Juliana Hatfield
Blood
AMERICAN LAUNDROMAT
7/10
At the end of 2019, Juliana Hatfield released an album of covers of songs by The Police. Like her record of reinterpreted Olivia Newton-John songs the previous year, Juliana Hatfield Sings the Police demonstrated her inventiveness even when operating within somebody else’s framework. Blood, however, is a fever dream entirely of the indie legend’s own creation.
Her 17th collection of original solo material is an unashamed outpouring of the red stuff—the sonic equivalent to that elevator scene in Kubrick’s The Shining, albeit not quite as terrifying. Or at least not the same kind of horror. On “Nightmary,” for example, she laments the state of the world over an uplifting yet awkwardly melodic chug. “I’m living in a nightmare and I can’t wake up / The whole world is controlled by fascist, bloodsucking thugs,” she sings with almost cheery nonchalance, before immediately mourning how she “lost another friend to Jesus.” A short while later she sings (literally) one of the most hard-hitting lines on the album: “I had to punch myself in the face to get myself out of bed.” There’s an insouciance to the delivery, but it nevertheless captures the pernicious evils lurking in plain sight in this ever-dystopian country, all of which manifests itself in her crimson, image-rich lyrics.
One of the best examples of that is found in the next, almost early-Eels-y, song, “Had a Dream.” In it, Hatfield—or the character in her song, or both—recalls an act of murder committed while she was sleeping: “You staggered, screaming bloody and unbelieving that anyone would ever punish you for all of the traitorous things that you do.” And then comes the real kicker: “It was a very American dream.” That line completely shifts the focus from private, personal violence to a more public and political one. There are also, undoubtedly, parallels to be drawn between the song’s title and subject matter and Martin Luther King Jr.’s famous 1963 speech, but while the gore on these songs is unrelenting, the proselytizing is more subtle—more to be dug up than buried beneath.
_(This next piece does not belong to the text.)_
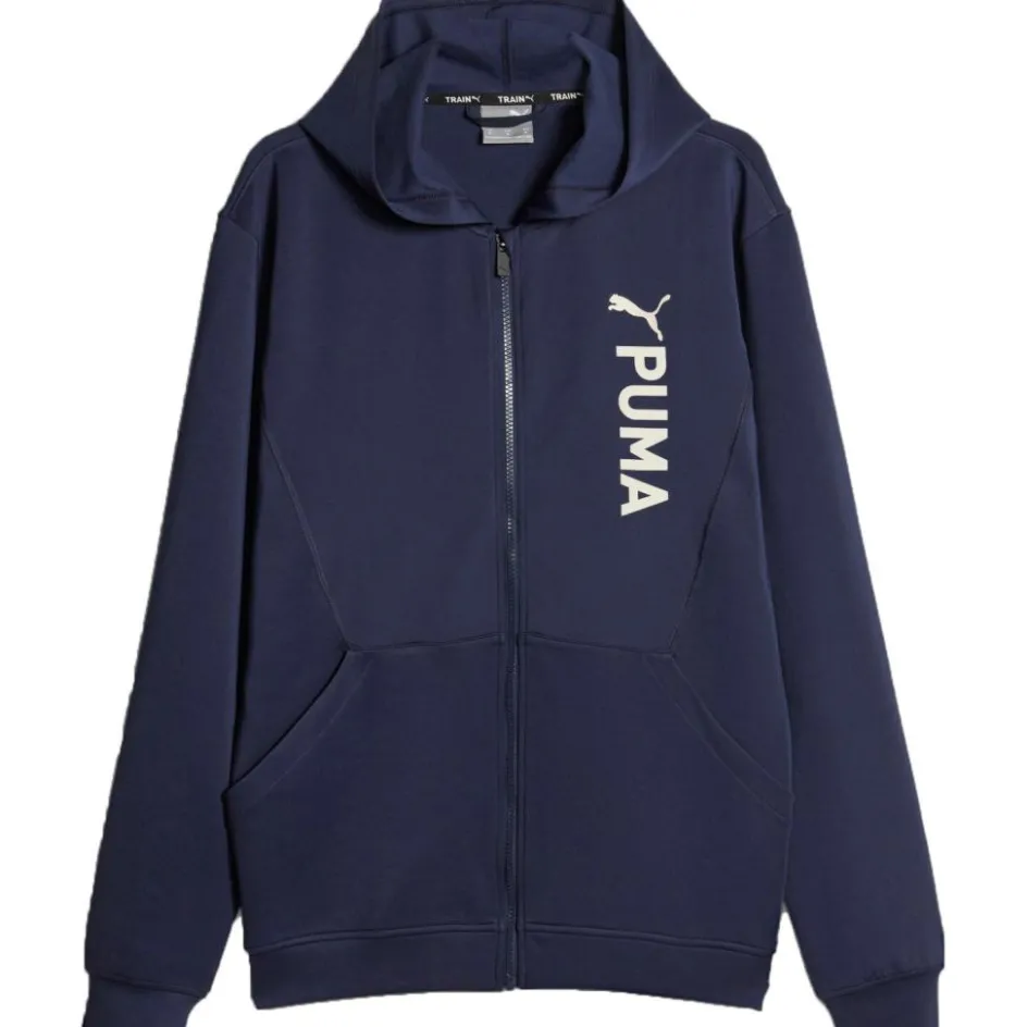De Puma Fit Double Knit trainingsjack voor heren heeft een capuchon en zakken. Dit vest houdt u goed warm en de stof is sneldrogend.

At the same time, her disenchantment and disgust is undeniable.
Interestingly, “Splinter” goes against that grain to some extent. Riddled with loss, it offers up a more emotionally delicate and vulnerable side to the album, but remains a seething indictment of post-Reagan politics in the U.S. and the late-stage capitalism that rules this country, the terrorism of which has been exposed for all to see as a result of the coronavirus pandemic: “I plan on winning the lottery / Move to the ocean / Away from all the monetization of every little thing.”
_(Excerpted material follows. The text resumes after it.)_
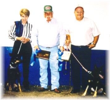 Our DogsWindrush Kelpie Stud breeds dogs only when a dog is needed to work on the farm. Dogs are required to work both cattle and sheep. The type of work required of the dogs is barn, stall, barn lot, chute, trailer loading and pasture work. Conditions vary from sticky deep mud to ice and deep snow with extended periods of below zero temperatures. Windrush is a closed stud and only breeds to those dogs that have been bred by them and to a minimal number of approved outside bitches. Reference Sires and Dams*Clovaville Oak (Liscannor Huck x Clovaville Nimble) Oak was imported in 1982 from Bruce Browning's Clovaville Kelpie Stud, Wollombi, New South Wales, Australia. He was a tough dog with tremendous ability. His pedigree can be found in many Kelpies in the United States. He died November 2, 1996. Windrush retains a daughter, son, granddaughter and grandson. *Scoriochre Emma II (Scoriochre Gunga x Scoriochre Georgie Girl) Emma was imported from John Gedye, Scoriochre Kelpie Stud, Victoria, in 1983. She was a stylish worker and our original brood bitch. She, too, can be found behind many good Kelpies across the United States. She died in June 1996. *Scoriochre Jim III (Wundurra Mister x S/Bred O'Bree's Sadie) Jim came to the United States with us in 1988. He was bred by John Gedye and was a Barambogie Mack grandson. His breeding included the Liscannor and Horton lines. He was an exceptional working dog with calming influence on his stock and an uncanny ability to read his stock correctly. Jim won the Working Kelpies, Inc. National Trial 3 times. Jim worked both cattle and sheep. He died June 30, 1998. Windrush retains one daughter and three sons. *White's Chocko (Liscannor Marco x White's Tally) Chocko arrived in the United States in 1988 at the age of 8. She was bred by John White, Nyngan, New South Wales, Australia. She spent most of her working life with Ray Wilson doing station work and winning and placing in sheep dog trials. She possessed tremendous intelligence and patience. She had eye, power and style. *Capree Busy (Joe's Pride x Capree Touch II) Busy was imported into the United States in 1996. She was bred by Chris Stapleton, Capree Kelpie Stud. Joe Attenborough had Busy and worked her on a sheep station that also had some cattle. Busy won and placed in numerous trials. She died in May 1998. Windrush Sires and DamsCopyright 2000 Windrush Photo White's Scout III

Musically, it’s really only the jittery, abrasive, and unnecessary quasi-funk of “Chunks” that doesn’t sit particularly well, though its hyperviolent words (“Someone’s gonna take your hand / And break every finger / Shove a tube sock in your mouth / To stop the sound from coming out”) fit perfectly with the rest of the album, like a screwdriver in an ear canal. It all comes to a climax with “Torture,” an easy-going song that dwells on the more psychological aspects of its title than the physical, but which also extend to that widescreen, universal outlook that permeates this record. “Wrest your soul / Out of control,” Hatfield sings almost gleefully. The song’s sunny disposition is very much at odds with that message, but—as with the rest of this album—there’s never a moment that you don’t believe what she’s singing.